## What you need to do
Only the lines from the one containing "ある時は棒で殴りかかったり、" through the end of the listing belong in the answer, repeated exactly, with no pictures.

## Dataset excerpt
*** Block opens ***

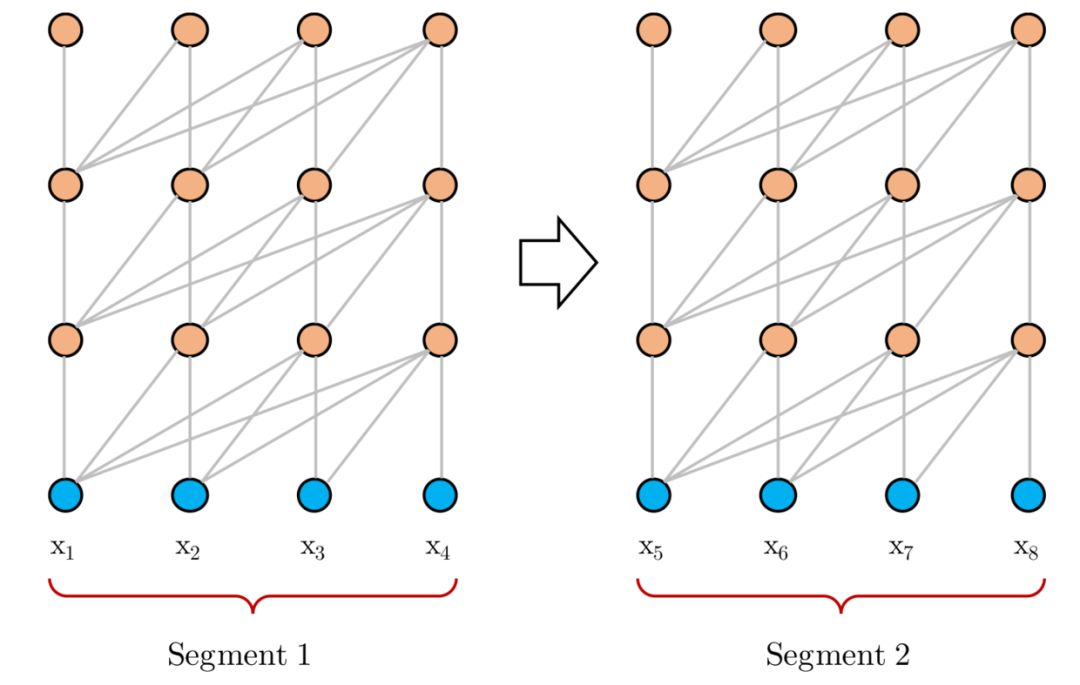 其实思想很简单,因为一般训练 Transformer 时,会按照一定长度,将文本处理成一段(segment)一段的。比如说 BERT 预处理时,就会先处理成一个个 512 长度的样本,即使可能处理前的文本更长。这样子的话,有些更长的上下文信息,模型就是学习不到的。
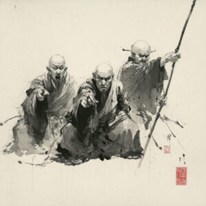 ある時は棒で殴りかかったり、頭ごなしに一喝を加えたり、指を一本立てて見せたり、拳を突き上げたりもする。
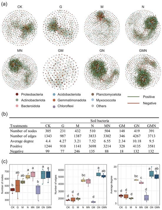Co-occurrence network analysis of soil bacterial communities under different treatments. (a) Network structures at the phylum level, where nodes represent bacterial taxa and edges indicate significant correlations (green: positive; red: negative). (b) Topological properties of bacterial networks, including the number of nodes, edges, and average degree. (c) Boxplots showing statistical comparisons of network metrics across treatments. RAE treatments (G, GN, GMN) notably enhanced network complexity, with GN and GMN exhibiting the highest numbers of edges and average degrees, indicating stronger microbial connectivity and cooperative interactions. Different letters above boxplots denote significant differences among treatments (p < 0.05).
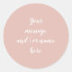 Um elegante e minimalista adesivo redondo, rosa-rosa personalizado clássico e personalizado para você personalizar com sua própria mensagem e nome na tipografia moderna do guião branco. Perfeito para uma vasta gama de profissões, incluindo: terapeutas de beleza, spas, centros de bem-estar, massagistas, estilistas, salões de unhas, artistas de cabelos e maquiagem, salões, professores, escritório, comércio eletrônico e varejo para citar alguns!Concebido por Thisnome©

*** Block closes ***

## Response below
 ある時は棒で殴りかかったり、頭ごなしに一喝を加えたり、指を一本立てて見せたり、拳を突き上げたりもする。
Co-occurrence network analysis of soil bacterial communities under different treatments. (a) Network structures at the phylum level, where nodes represent bacterial taxa and edges indicate significant correlations (green: positive; red: negative). (b) Topological properties of bacterial networks, including the number of nodes, edges, and average degree. (c) Boxplots showing statistical comparisons of network metrics across treatments. RAE treatments (G, GN, GMN) notably enhanced network complexity, with GN and GMN exhibiting the highest numbers of edges and average degrees, indicating stronger microbial connectivity and cooperative interactions. Different letters above boxplots denote significant differences among treatments (p < 0.05).
 Um elegante e minimalista adesivo redondo, rosa-rosa personalizado clássico e personalizado para você personalizar com sua própria mensagem e nome na tipografia moderna do guião branco. Perfeito para uma vasta gama de profissões, incluindo: terapeutas de beleza, spas, centros de bem-estar, massagistas, estilistas, salões de unhas, artistas de cabelos e maquiagem, salões, professores, escritório, comércio eletrônico e varejo para citar alguns!Concebido por Thisnome©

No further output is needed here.